The efficacy of burosumab as the treatment for XLH in children was shown in an open-label trial conducted by Carpenter et al. [16]. A total of 52 children were randomly assigned in this study in a 1:1 ratio to receive burosumab every two or four weeks. The primary endpoint was the change in baseline Thacher rickets severity total score at 40 and 64 weeks. Studies showed therapy with burosumab not only improved serum phosphorus levels but also improved linear growth and physical function, and decreased severity of rickets. Whyte et al. conducted a similar study in 13 children aged one to four years with XLH and showed burosumab increased serum phosphorus levels, decreased severity of rickets, and prevented growth decline at 64 weeks [17].

Efficacy of burosumab treatment in symptomatic adult XLH patients was recently shown in a 24-week double-blinded, placebo-controlled, randomized trial conducted by Insogna et al. [18]. In this study, 134 symptomatic adults with XLH were randomly assigned in a 1:1 ratio to burosumab every four weeks or placebo.
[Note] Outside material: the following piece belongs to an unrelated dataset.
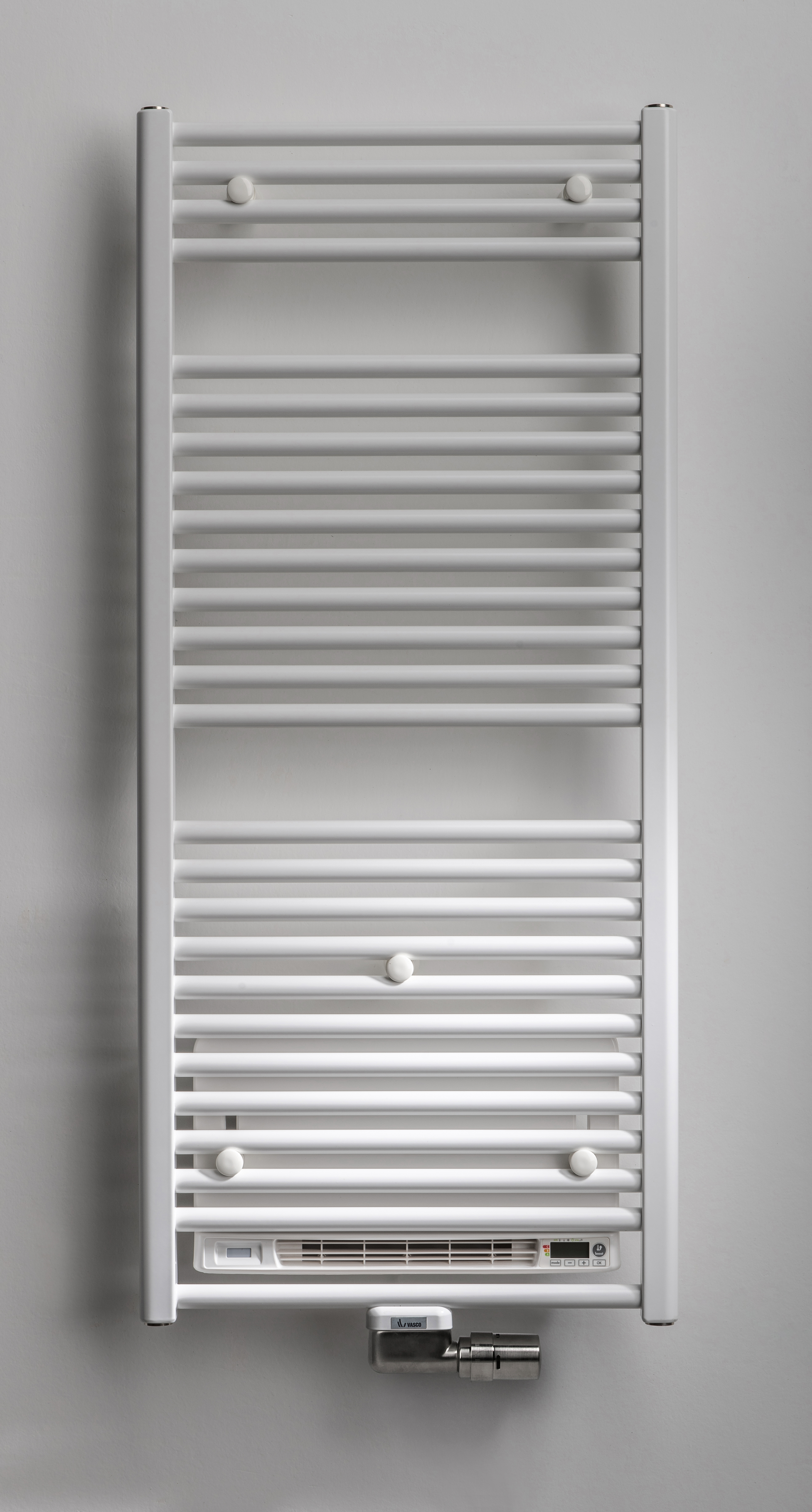 Vasco présentera également son principe de contrôle wifi pour les radiateurs électriques. Rien de plus pratique pour contrôler les radiateurs, la ventilation et le chauffage par le sol que l’appli Vasco Climate Control. Grâce au nouveau E-Volve Wifi, l’appli de Vasco contrôle désormais aussi les radiateurs électriques via le réseau wifi du domicile. Le module présente un design compact, épuré et peut facilement être monté au mur et raccordé électriquement. Il communique par Bluetooth avec un petit capteur de température que l'on installe dans la même pièce. E-Volve Wifi sera disponible dès le printemps 2020 pour les radiateurs électriques de salle de bains Iris, Agave, Aster, Carré Bain, Zana Bain, Viola et Niva.

The study concluded that treatment with burosumab not only improved serum phosphorus levels but also positively impacted osteoarthritis indices and fracture healing when compared to placebo. Cheong et al. reproduced similar results in a multicenter, sequential dose-escalation, open-label, single-dose study in Japanese and Korean adults with XLH [19].

Our patient with XLH had poor quality of life while on calcitriol and phosphate therapy along with intermittent fatigue and bone pain. Moreover, he developed nephrocalcinosis, hyperparathyroidism, and hypertension. Initiation of burosumab was indeed life-changing for this teenager as it significantly enhanced his quality of life, improved fatigue, and bone pain, while drastically reducing his pill burden. Burosumab has definitely shown to be a promising drug and has revitalized the lives of children with XLH.

Conclusions

XLH is a complex and rare genetic disorder that requires meticulous management and expert consultation. It is caused by elevated FGF23 levels due to PHEX mutations that result in urinary phosphate wasting and hypophosphatemic rickets. Conventional management with calcitriol and phosphate corrected serum phosphorus levels and bone mineralization but failed to correct underlying pathophysiology and anticipated complications. Burosumab offers a more optimal therapy when compared to conventional therapy with limited side effects, while significantly improving the quality of life.